Truly impressive. Salesforce has also opened their API for mashups and created
their own language, APEX, run on their "cloud" that developers can use. Their
idea is to create a high value platform on which business applications can be
built and communicate with other business data. Google was there as well,
demonstrating how to connect salesforce to Google apps.

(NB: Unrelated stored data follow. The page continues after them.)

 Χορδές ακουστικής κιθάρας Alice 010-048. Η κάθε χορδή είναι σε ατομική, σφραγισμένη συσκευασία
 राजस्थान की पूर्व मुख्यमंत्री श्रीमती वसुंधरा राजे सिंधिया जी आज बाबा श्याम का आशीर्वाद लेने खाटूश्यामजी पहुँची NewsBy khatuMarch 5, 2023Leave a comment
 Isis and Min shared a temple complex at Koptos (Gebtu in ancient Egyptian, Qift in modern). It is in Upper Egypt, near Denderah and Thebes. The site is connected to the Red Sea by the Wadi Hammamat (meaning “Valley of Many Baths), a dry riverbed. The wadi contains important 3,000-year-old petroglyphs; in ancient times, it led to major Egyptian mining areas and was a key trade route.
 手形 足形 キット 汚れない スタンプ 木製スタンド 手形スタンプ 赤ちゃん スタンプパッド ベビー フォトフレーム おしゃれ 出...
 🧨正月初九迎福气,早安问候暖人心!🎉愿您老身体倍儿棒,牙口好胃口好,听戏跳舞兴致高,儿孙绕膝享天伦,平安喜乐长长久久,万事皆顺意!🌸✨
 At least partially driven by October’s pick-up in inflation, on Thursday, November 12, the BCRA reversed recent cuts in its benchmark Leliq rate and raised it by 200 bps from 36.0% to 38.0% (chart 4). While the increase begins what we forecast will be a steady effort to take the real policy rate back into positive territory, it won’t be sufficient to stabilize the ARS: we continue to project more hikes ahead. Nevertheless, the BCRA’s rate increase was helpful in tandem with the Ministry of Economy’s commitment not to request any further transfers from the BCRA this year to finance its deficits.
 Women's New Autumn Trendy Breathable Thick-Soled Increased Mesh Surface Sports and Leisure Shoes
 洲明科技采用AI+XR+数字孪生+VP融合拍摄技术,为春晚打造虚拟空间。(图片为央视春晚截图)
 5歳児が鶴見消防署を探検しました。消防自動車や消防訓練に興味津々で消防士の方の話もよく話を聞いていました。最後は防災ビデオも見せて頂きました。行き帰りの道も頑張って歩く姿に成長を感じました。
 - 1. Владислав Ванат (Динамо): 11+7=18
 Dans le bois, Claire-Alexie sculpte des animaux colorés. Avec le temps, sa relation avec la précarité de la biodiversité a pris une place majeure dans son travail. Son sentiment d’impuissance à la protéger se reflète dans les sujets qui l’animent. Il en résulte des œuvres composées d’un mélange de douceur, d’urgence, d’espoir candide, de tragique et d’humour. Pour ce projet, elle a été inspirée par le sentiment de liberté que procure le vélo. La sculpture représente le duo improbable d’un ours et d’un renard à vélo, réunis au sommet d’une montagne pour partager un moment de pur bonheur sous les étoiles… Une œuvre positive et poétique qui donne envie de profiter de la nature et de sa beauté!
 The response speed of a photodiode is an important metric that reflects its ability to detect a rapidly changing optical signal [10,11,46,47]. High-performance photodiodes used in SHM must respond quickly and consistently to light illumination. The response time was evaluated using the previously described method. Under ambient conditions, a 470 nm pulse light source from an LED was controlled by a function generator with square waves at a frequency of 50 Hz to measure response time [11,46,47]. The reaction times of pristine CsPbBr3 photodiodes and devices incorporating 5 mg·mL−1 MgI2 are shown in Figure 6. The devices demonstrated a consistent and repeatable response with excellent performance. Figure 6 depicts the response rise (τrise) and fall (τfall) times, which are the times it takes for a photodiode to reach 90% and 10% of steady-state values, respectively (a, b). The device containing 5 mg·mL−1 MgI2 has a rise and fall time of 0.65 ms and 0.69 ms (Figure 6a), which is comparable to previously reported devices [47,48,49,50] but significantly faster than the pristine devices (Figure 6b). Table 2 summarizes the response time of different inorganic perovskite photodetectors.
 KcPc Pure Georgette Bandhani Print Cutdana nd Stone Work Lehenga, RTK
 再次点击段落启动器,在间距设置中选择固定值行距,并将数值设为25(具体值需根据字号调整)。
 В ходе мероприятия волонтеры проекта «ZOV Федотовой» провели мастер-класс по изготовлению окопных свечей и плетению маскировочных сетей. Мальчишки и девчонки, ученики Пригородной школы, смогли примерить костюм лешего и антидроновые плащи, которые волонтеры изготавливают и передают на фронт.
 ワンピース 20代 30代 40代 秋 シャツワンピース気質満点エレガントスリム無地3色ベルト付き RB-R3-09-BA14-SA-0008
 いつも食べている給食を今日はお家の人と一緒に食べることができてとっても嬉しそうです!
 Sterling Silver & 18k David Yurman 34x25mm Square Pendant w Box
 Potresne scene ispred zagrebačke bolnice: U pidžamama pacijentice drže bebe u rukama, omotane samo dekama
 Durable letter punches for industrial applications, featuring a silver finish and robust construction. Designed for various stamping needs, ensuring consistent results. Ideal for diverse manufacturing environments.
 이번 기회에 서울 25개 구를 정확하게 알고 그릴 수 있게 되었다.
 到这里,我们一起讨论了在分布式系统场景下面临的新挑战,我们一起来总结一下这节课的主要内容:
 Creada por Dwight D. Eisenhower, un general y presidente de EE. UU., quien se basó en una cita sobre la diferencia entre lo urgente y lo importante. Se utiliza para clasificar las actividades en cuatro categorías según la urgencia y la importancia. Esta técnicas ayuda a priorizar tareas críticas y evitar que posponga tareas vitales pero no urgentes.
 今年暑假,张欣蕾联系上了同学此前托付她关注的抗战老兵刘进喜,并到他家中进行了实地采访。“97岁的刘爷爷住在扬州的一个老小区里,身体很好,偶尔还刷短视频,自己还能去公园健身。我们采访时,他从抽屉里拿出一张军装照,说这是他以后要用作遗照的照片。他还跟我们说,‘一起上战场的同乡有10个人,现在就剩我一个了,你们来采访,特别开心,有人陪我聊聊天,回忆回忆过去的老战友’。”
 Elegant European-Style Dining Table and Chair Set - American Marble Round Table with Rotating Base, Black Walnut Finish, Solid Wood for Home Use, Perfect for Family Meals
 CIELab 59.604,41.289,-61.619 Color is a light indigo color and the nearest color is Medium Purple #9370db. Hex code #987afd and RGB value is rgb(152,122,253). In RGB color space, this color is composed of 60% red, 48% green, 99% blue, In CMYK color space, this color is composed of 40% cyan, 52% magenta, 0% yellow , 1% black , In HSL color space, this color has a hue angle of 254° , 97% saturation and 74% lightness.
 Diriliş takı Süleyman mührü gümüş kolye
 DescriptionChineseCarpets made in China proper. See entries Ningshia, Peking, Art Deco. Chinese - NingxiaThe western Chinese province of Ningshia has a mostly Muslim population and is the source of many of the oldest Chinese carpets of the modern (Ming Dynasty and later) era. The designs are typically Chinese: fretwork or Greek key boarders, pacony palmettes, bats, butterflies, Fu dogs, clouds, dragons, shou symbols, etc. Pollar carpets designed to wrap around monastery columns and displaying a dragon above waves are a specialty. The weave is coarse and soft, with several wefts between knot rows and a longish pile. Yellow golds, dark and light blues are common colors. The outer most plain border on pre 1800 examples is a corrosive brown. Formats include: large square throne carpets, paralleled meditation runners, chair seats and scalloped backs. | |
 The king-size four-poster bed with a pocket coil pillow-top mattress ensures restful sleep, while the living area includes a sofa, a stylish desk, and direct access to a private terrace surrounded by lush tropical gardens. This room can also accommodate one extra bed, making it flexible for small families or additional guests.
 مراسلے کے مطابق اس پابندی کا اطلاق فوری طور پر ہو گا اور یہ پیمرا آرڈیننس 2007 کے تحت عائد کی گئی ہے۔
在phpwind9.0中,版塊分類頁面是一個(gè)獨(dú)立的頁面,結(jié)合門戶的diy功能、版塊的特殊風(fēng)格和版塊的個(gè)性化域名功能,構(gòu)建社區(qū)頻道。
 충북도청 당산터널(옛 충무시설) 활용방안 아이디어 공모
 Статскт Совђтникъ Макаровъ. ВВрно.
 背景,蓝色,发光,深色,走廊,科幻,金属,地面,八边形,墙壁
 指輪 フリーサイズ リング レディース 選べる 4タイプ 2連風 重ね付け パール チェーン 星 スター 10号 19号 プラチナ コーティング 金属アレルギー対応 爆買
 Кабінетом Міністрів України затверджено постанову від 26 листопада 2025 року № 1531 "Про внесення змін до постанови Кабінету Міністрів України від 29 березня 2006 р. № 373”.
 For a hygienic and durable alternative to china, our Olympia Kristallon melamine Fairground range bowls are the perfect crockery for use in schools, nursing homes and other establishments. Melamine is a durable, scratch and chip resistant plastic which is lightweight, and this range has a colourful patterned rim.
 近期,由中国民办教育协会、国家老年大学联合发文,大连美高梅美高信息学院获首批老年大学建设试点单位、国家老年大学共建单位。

Salesforce currently has over 600,000 paying subscribers at a price of $60 to
$250 per month per user, with some very large companies that have up to 20,000
plus users. They do plan to profit heavily from developers that work with
them, from 10% of any subscriptions by app exchange developers, to large costs
for exhibiting at their conference, etc.

One of the featured speakers at the event was the CEO of a 6 person company in
Toronto that develops exclusively for Salesforce's app exchange. They are
currently in line for making 2.4 million this year after bringing in 1 million
last year. Of those 6, only two are in the same location. He owns 100% of his
company with no outside investment.

There is no doubt that a seismic shift is taking place for businesses using
web applications instead of supporting their own IT infrastructure. I think
this is similar to the Lotus 123 explosion with PC's.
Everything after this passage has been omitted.